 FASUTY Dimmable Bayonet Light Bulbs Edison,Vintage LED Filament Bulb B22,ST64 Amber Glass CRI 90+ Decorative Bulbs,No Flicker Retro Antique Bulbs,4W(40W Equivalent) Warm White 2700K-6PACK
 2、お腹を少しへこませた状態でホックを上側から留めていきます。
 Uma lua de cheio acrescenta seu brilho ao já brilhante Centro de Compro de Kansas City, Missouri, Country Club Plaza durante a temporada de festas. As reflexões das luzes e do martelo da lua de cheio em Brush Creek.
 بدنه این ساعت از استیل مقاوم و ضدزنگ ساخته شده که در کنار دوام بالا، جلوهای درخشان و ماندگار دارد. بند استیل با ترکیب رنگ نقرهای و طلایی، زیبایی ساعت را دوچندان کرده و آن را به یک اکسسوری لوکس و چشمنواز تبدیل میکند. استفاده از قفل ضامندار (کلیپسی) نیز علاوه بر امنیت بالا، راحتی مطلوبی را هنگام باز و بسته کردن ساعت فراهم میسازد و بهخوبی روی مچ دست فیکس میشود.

▬▬▬

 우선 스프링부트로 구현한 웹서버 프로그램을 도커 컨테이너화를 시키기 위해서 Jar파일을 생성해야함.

▬▬▬

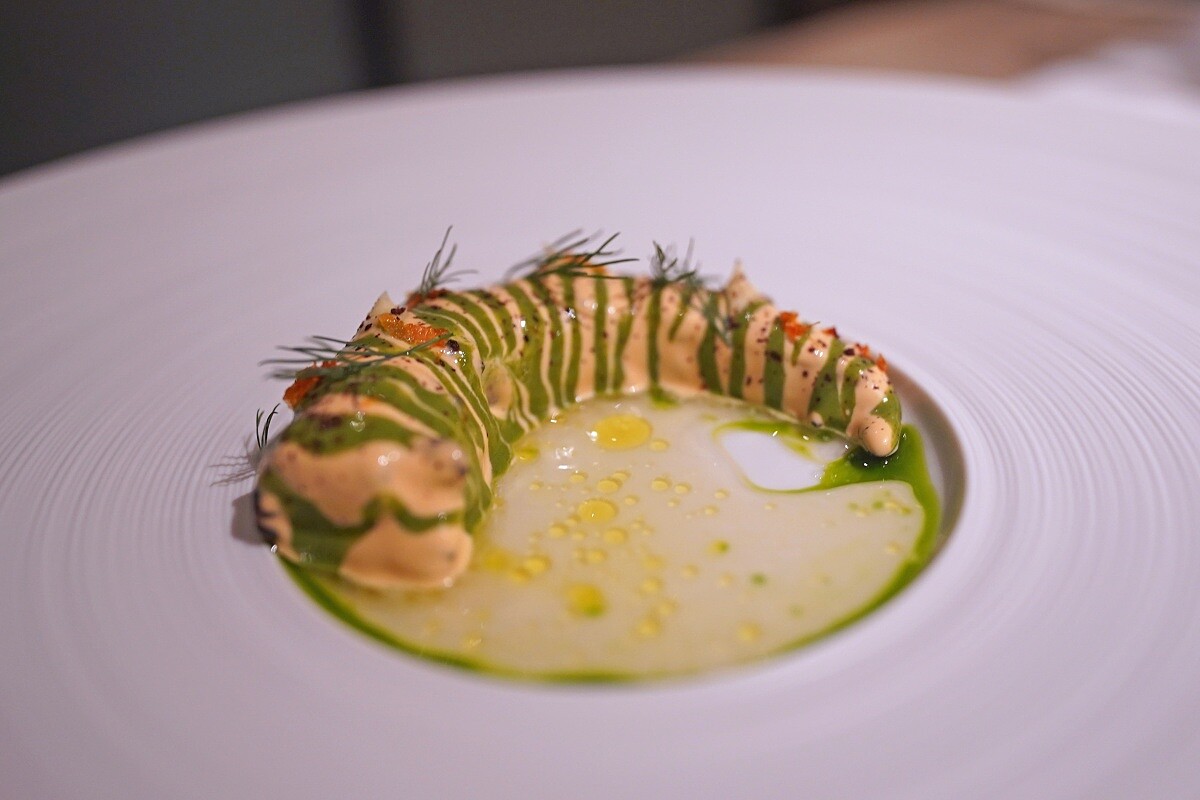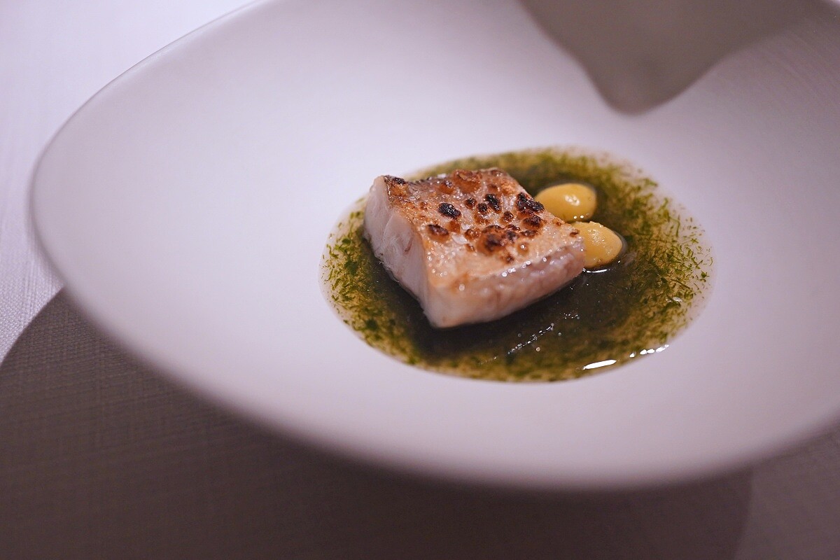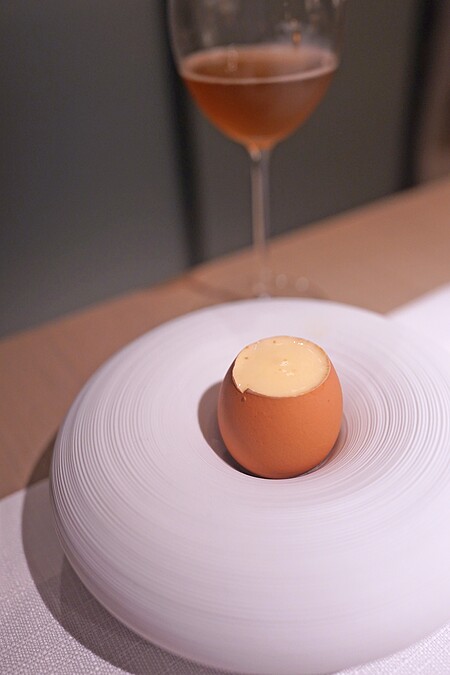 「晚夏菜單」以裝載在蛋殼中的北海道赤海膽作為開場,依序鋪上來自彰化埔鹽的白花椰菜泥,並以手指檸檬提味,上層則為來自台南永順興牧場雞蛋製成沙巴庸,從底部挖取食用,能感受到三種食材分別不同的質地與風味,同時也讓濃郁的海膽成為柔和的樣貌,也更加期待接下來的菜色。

▬▬▬

:: What you are asked to do ::
Can you repeat, word for word, every line above from the one containing "FASUTY Dimmable Bayonet" down to the one containing "بدنه این ساعت", including both?

:: Response box ::
 FASUTY Dimmable Bayonet Light Bulbs Edison,Vintage LED Filament Bulb B22,ST64 Amber Glass CRI 90+ Decorative Bulbs,No Flicker Retro Antique Bulbs,4W(40W Equivalent) Warm White 2700K-6PACK
 2、お腹を少しへこませた状態でホックを上側から留めていきます。
 Uma lua de cheio acrescenta seu brilho ao já brilhante Centro de Compro de Kansas City, Missouri, Country Club Plaza durante a temporada de festas. As reflexões das luzes e do martelo da lua de cheio em Brush Creek.
 بدنه این ساعت از استیل مقاوم و ضدزنگ ساخته شده که در کنار دوام بالا، جلوهای درخشان و ماندگار دارد. بند استیل با ترکیب رنگ نقرهای و طلایی، زیبایی ساعت را دوچندان کرده و آن را به یک اکسسوری لوکس و چشمنواز تبدیل میکند. استفاده از قفل ضامندار (کلیپسی) نیز علاوه بر امنیت بالا، راحتی مطلوبی را هنگام باز و بسته کردن ساعت فراهم میسازد و بهخوبی روی مچ دست فیکس میشود.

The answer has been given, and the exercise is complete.